Dr Nakato received his Ph.D. from Tokyo Metropolitan University in 1993. He began working on heparan sulfate proteoglycans during his postdoctoral training at the University of Arizona. After serving on the faculty of Tokyo Metropolitan University (1995) and the University of Arizona (2001), he joined the University of Minnesota, Department of Genetics, Cell Biology and Development, in 2003, where he is currently an associate professor.

Research Interests

The Nakato Lab studies how cells communicate with each other during tissue assembly of multicellular organisms using the fruitfly, Drosophila as a model. The lab is particularly interested in elucidating the function of heparan sulfate proteoglycans (HSPGs) in development. HSPGs have been implicated in a wide variety of biological processes such as growth factor signaling, cell adhesion, wound healing, and tumor metastasis. The Nakato Lab is currently focusing on two major projects described below:

Proteoglycan functions in morphogen gradient formation
A morphogen is a type of signaling molecule that specifies different cell fates in a concentration dependent manner. During pattern formation of the Drosophila wing, Wingless, Hedgehog, and Decapentaplegic have been shown to function as morphogens. Although the formation of morphogen gradients is an essential process for patterning and morphogenesis, the molecular mechanism of morphogen gradient formation remains largely a mystery. Recent studies have shown that HSPGs are involved in this process. The long-term goal of this project is to understand how HSPGs regulate secretion, movement, degradation, and signaling of morphogens to establish and maintain the gradient.

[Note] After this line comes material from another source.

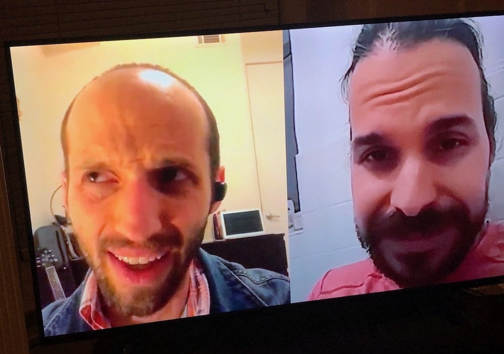 The answer is: sort of. Borders was obviously written to be performed in a live theater setting. In fact Dirty Laundry Theatre has done the play onstage already, in the 2019 New York Summer Theatre Festival, where it received a Best Play nomination. The company planned to remount the play for a run this year April through June and had begun previews when COVID-19 hit and the show had to shut down. Rather than postpone, or call the whole thing off, the company created an ingenious virtual adaptation to be livestreamed in real time directly from the actors’ homes, with no pre-shot footage except in transitions between scenes.

Heparan sulfate fine structure and specificity of HSPG functions
Heparan sulfate chains have markedly heterogeneous structures in which distinct patterns of sulfation determine the binding specificity for ligand proteins. These "fine structures" of heparan sulfate are mainly produced by the regulated introduction of sulfate groups at the N-, 2-O-, 6-O-, and 3-O-positions of the sugar chain. Recent biochemical, histochemical, and genetic studies have demonstrated that different fine structures of HS mediate distinct molecular recognition events to regulate a variety of cellular functions. Another area of our interest is to learn the molecular basis of growth factor control by the sulfation status of heparan sulfate.

Selected Publications

Adachi-Yamada T, Harumoto T, Sakurai K, Ueda R, Saigo K, O'Connor MB, and Nakato H. Wing-to-leg homeosis by spineless causes an apoptosis regulated by Fish-lips, a novel leucine-rich repeats transmembrane protein. Mol Cell Biol. 2005;25:3140-3150.

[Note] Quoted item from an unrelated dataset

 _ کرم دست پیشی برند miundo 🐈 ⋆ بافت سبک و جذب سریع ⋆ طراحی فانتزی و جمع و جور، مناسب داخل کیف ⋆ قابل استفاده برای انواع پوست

Takeo S, Akiyama T, Firkus C, Aigaki T, and Nakato H. Expression of a secreted form of Dally, a Drosophila glypican, induces overgrowth phenotype by affecting action range of Hedgehog. Dev Biol. 2005;284:204-218.

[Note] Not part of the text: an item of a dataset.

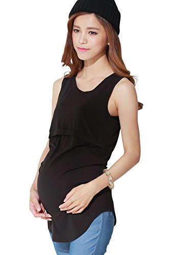 Sweet Mommy 竹繊維 ラウンドネック 授乳タンクトップ ロング丈 シンプル 美シルエット 産前産後 授乳トップス インナー 臨月 授乳服 マタニティ L ブラック

Kamimura K, Koyama T, Habuchi H, Ueda R, Masu M, Kimata K, and Nakato H. Specific and flexible roles of heparan sulfate modifications in Drosophila FGF signaling. J Cell Biol. 2006;174:773-778.

Akiyama T, Kamimura K, Firkus C, Takeo S, Shimmi O, and Nakato H. Dally regulates Dpp morphogen gradient formation by stabilizing Dpp on the cell surface. Dev Biol. 2008;313:408-419.